Teachers have intensified extra lessons, despite threats by the government that it will descend on them as it is illegal.
Some members of the security forces have been implicated in armed robberies.
The predicament of civil servants cuts across the whole nation, except for a few privileged senior government officials and a motley band of tenderpreneurs that claim to have captured President Emmerson Mnangagwa.
There is no doubt that confidence is missing in the economy, more so after a disputed election and the war-like mood of the current administration.
The second republic has turned out to be a mirror image of its predecessor in some instances and worse in others, according to analysts.
Critics say Mnangagwa squandered the chance bestowed upon him after a military-assisted transition in November 2017.
Those that made loud calls for Zimbabweans to give Mnangagwa a chance have turned out to be the administration’s top critics, alarmed by the inability to get things right.
In his inaugural address in 2017, Mnangagwa urged citizens to “shed misbehaviours and acts of indiscipline which have characterised the past”.
“Acts of corruption must stop forthwith.

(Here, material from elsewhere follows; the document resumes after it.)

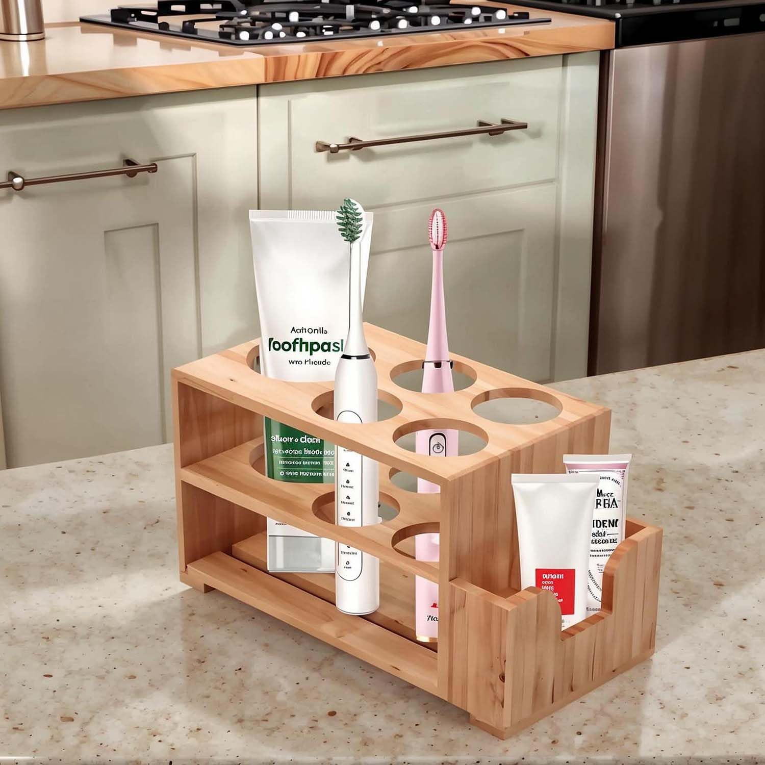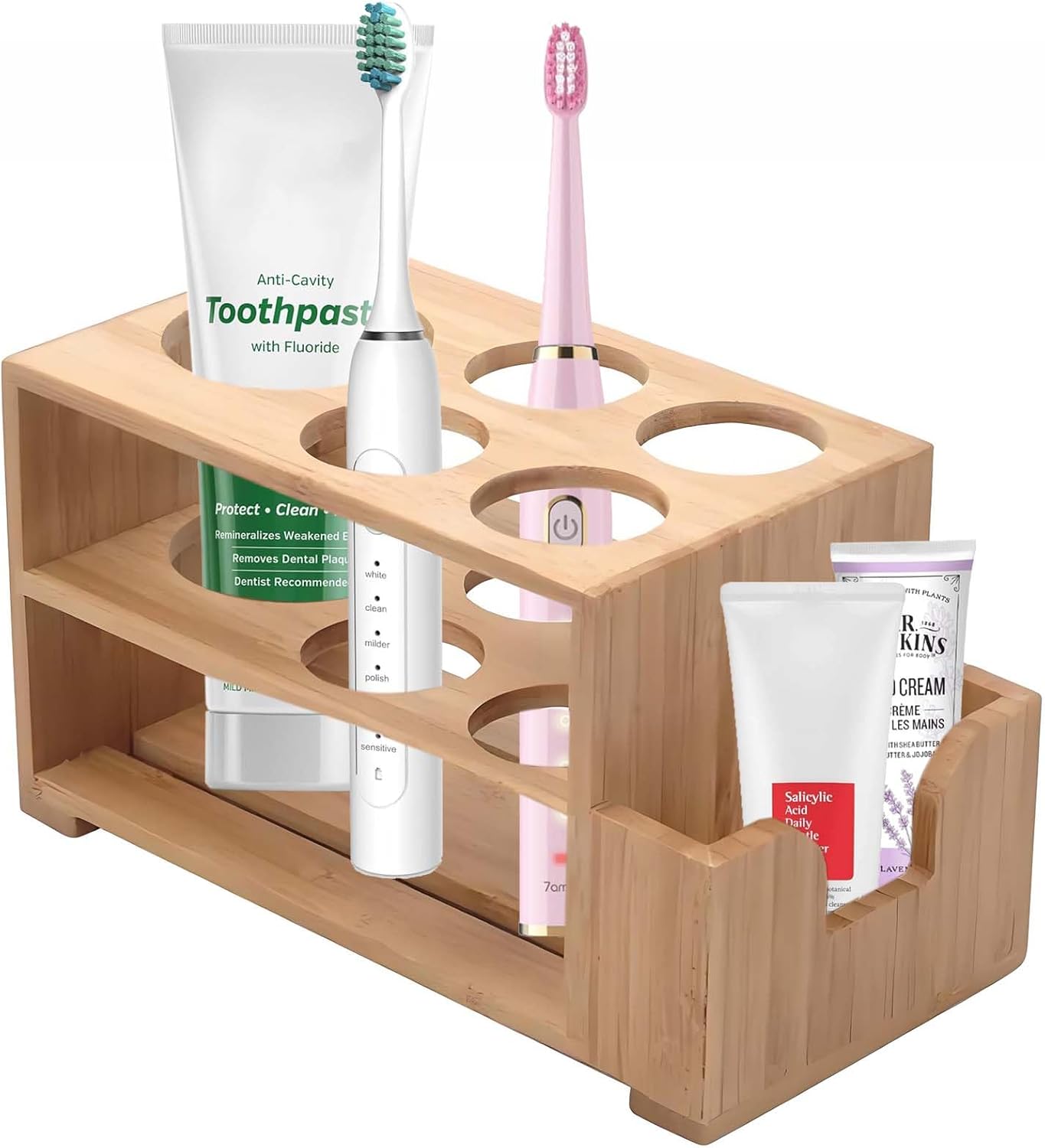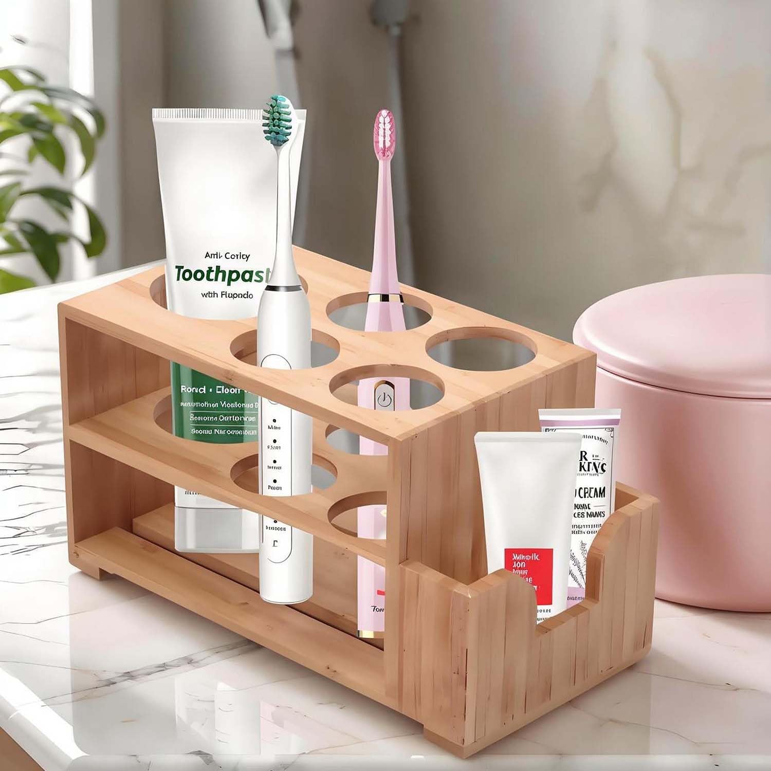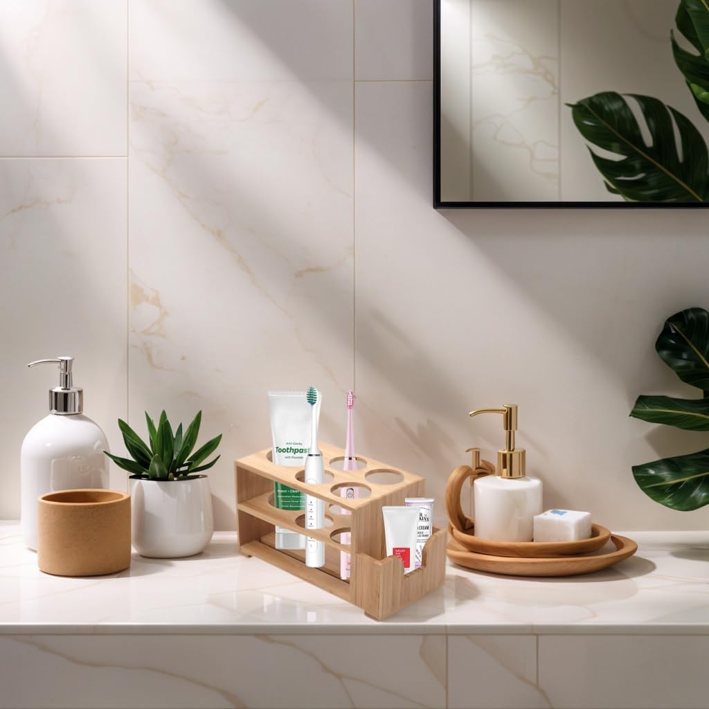Eco-Friendly Bamboo Toothbrush Holder – Durable Bathroom Organizer for Toothbrushes, Toothpaste, Razors, Makeup Brushes, and Accessories

Where these occur swift justice must be served to show each and all that crime and other acts of economic sabotage can only guarantee ruin to perpetrators. We have to aspire to be a clean nation, one sworn to high moral standards and deserved rewards,” Mnangagwa said, warning that “grief awaits those who depart from the path of virtue and clean business”.
The recently leaked audios have shown that this administration has created untouchables, exposing the depth of corruption in the second republic.
What has changed since November 24, 2017 when Mnangagwa promised to break with the past?
“ …as we chart our way forward, we must accept that our challenges as a nation emanate in part from the manner in which we have managed our politics, both nationally and internationally, leading to circumstances in which our country has undeservedly been perceived or classified as a pariah State,” Mnangagwa said then.
We have learnt nothing from history. Critics say Zimbabwe has reached a new low to the extent that people are discussing on social media platforms whether Ian Smith’s regime was better than the second republic.